Problem »
Output all of the data exactly, keeping any images out of the copy.

Dataset extract »
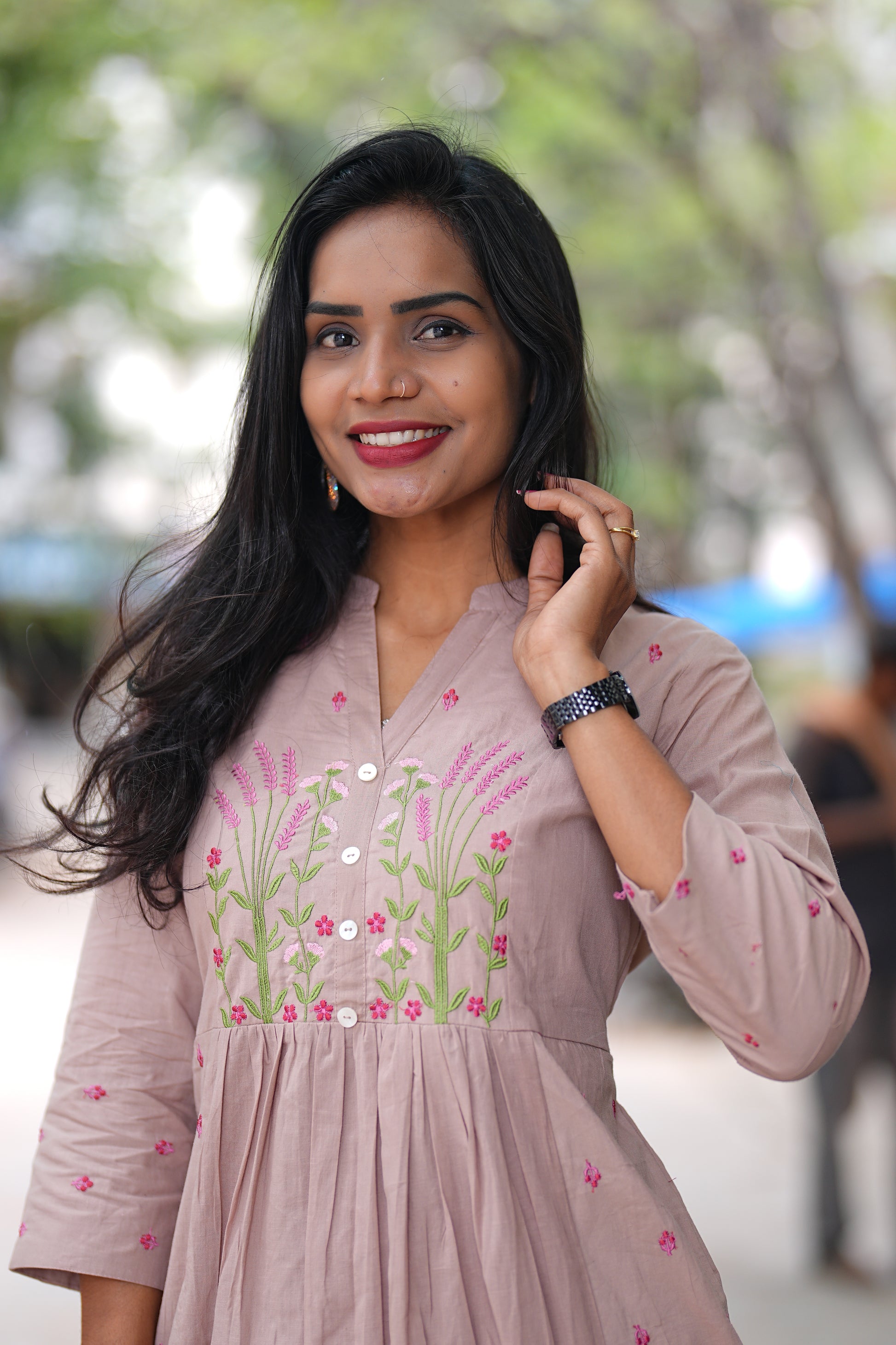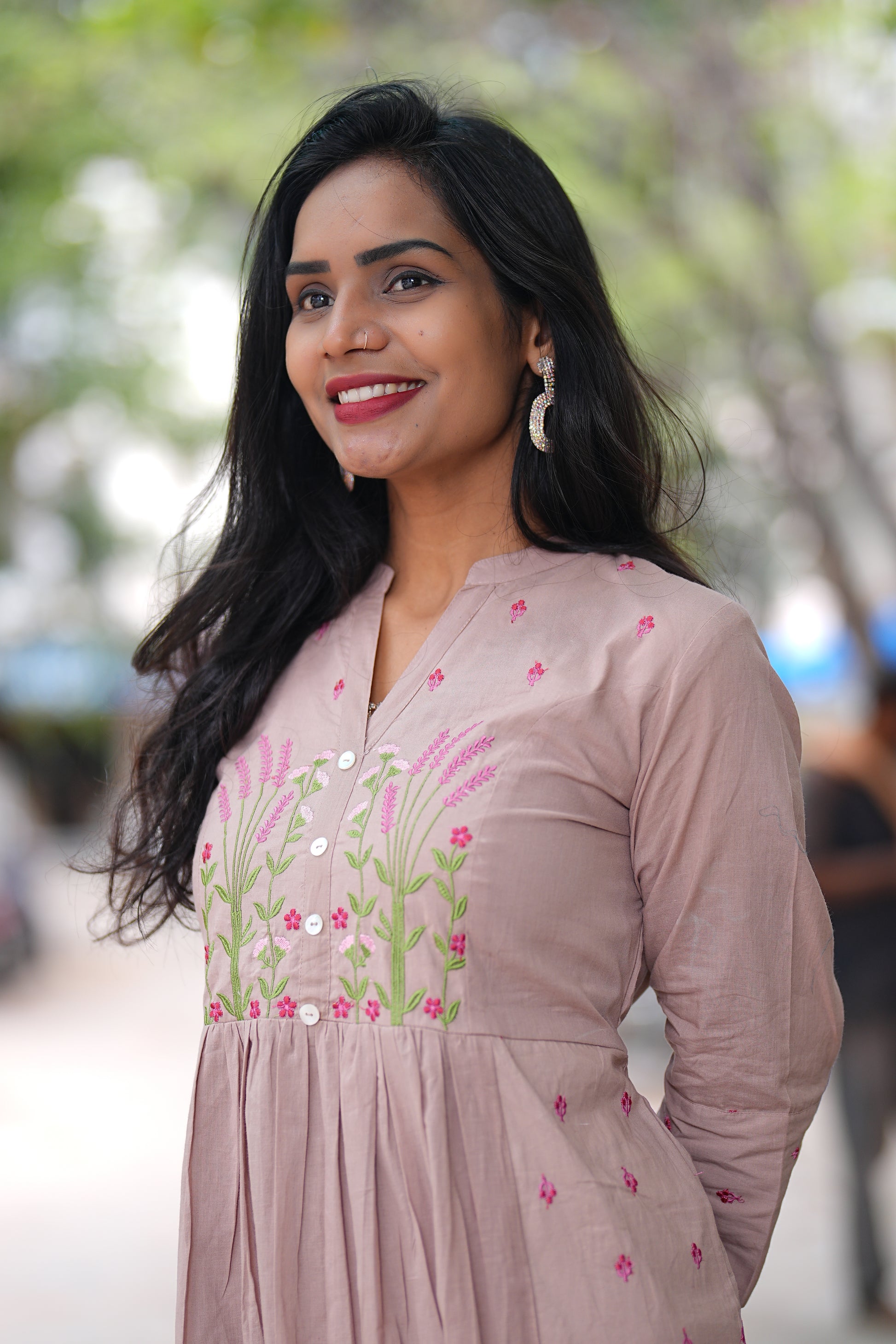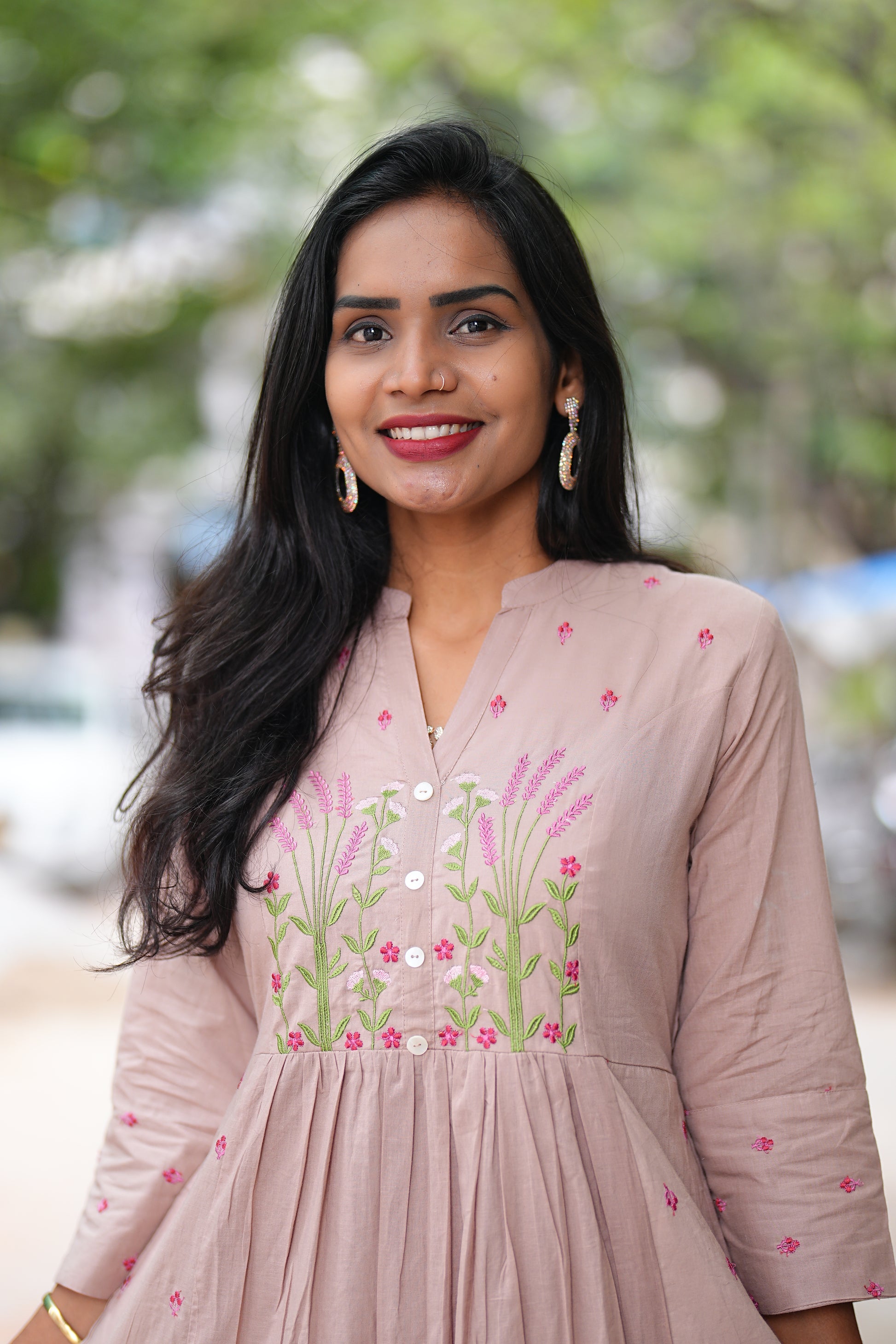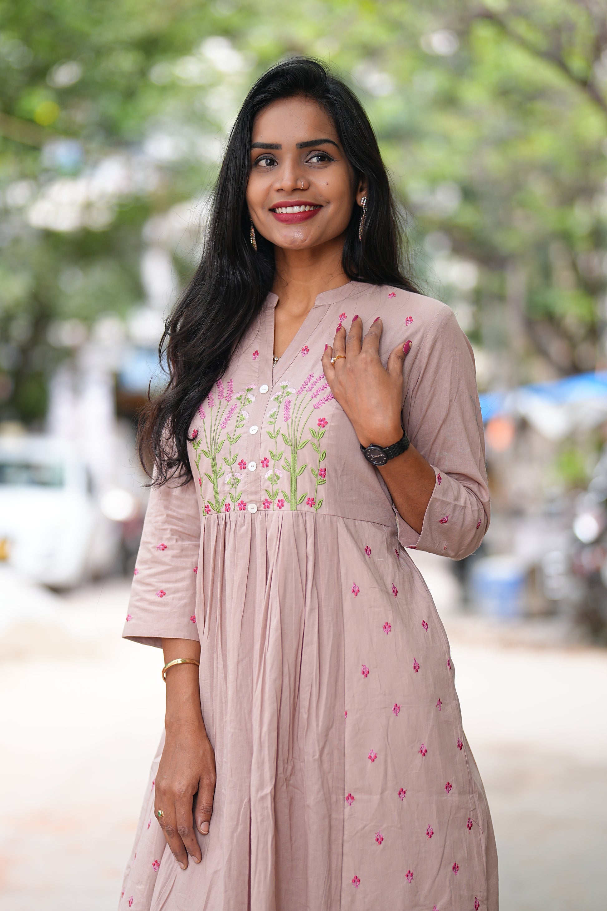 This cordset features exquisite light brown thread embroidery on pure mul cotton fabric, offering a refined and comfortable wear experience. Crafted with complete lining, it ensures a structured fit and enhances durability. Ideal for those seeking elegance paired with premium natural fabric, this piece combines traditional craftsmanship with lasting quality.
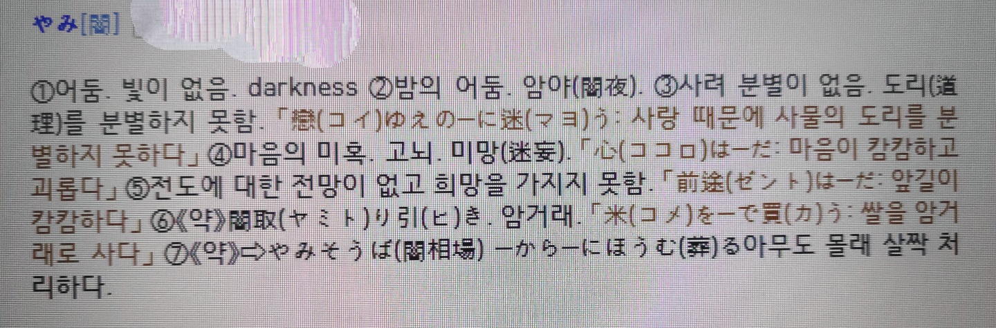 그래서 '야미'로 일본어를 찾으면 뭐를 오해하고 사용했는지를 대략 추측할 수 있다.
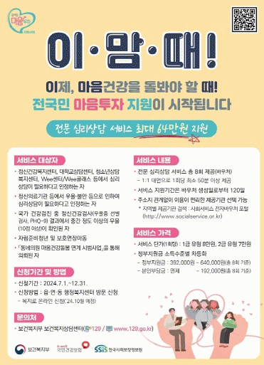 Áö¿ø´ë»óÀº Á¤½Å°Ç°º¹Áö¼¾ÅÍ, ´ëÇб³»ó´ã¼¾ÅÍ, û¼Ò³â »ó´ãº¹Áö¼¾ÅÍ, Wee¼¾ÅÍ/Wee Ŭ·¡½º µî¿¡¼ ½É¸®»ó´ãÀÌ ÇÊ¿äÇÏ´Ù°í ÀÎÁ¤ÇÏ´Â ÀÚ, Á¤½ÅÀÇ·á±â°ü µî¿¡¼ ¿ì¿ï ºÒ¾È µîÀ¸·Î ÀÎÇÏ¿© ½É¸®»ó´ãÀÌ ÇÊ¿äÇÏ´Ù°í ÀÎÁ¤ÇÏ´Â ÀÚ, ±¹¹Î °Ç°°ËÁø Áß Á¤½Å°Ç°°Ë»ç(¿ì¿ïÁõ ¼±º°°Ë»ç) °á°ú¿¡¼ Áß°£ Á¤µµ ÀÌ»óÀÇ ¿ì¿ïÀÌ È®ÀÎµÈ ÀÚ, ÀÚ¸³Áغñ û³â ¹× º¸È£¿¬Àå ¾Æµ¿, ?µ¿³×ÀÇ¿ø ¸¶À½°Ç°µ¹º½ ¿¬°è ½Ã¹ü»ç¾÷? ÅëÇØ ÀÇ·ÚµÈ ÀÚ°¡ ÇØ´çµÈ´Ù.

Written answer »
 This cordset features exquisite light brown thread embroidery on pure mul cotton fabric, offering a refined and comfortable wear experience. Crafted with complete lining, it ensures a structured fit and enhances durability. Ideal for those seeking elegance paired with premium natural fabric, this piece combines traditional craftsmanship with lasting quality.
 그래서 '야미'로 일본어를 찾으면 뭐를 오해하고 사용했는지를 대략 추측할 수 있다.
 Áö¿ø´ë»óÀº Á¤½Å°Ç°º¹Áö¼¾ÅÍ, ´ëÇб³»ó´ã¼¾ÅÍ, û¼Ò³â »ó´ãº¹Áö¼¾ÅÍ, Wee¼¾ÅÍ/Wee Ŭ·¡½º µî¿¡¼ ½É¸®»ó´ãÀÌ ÇÊ¿äÇÏ´Ù°í ÀÎÁ¤ÇÏ´Â ÀÚ, Á¤½ÅÀÇ·á±â°ü µî¿¡¼ ¿ì¿ï ºÒ¾È µîÀ¸·Î ÀÎÇÏ¿© ½É¸®»ó´ãÀÌ ÇÊ¿äÇÏ´Ù°í ÀÎÁ¤ÇÏ´Â ÀÚ, ±¹¹Î °Ç°°ËÁø Áß Á¤½Å°Ç°°Ë»ç(¿ì¿ïÁõ ¼±º°°Ë»ç) °á°ú¿¡¼ Áß°£ Á¤µµ ÀÌ»óÀÇ ¿ì¿ïÀÌ È®ÀÎµÈ ÀÚ, ÀÚ¸³Áغñ û³â ¹× º¸È£¿¬Àå ¾Æµ¿, ?µ¿³×ÀÇ¿ø ¸¶À½°Ç°µ¹º½ ¿¬°è ½Ã¹ü»ç¾÷? ÅëÇØ ÀÇ·ÚµÈ ÀÚ°¡ ÇØ´çµÈ´Ù.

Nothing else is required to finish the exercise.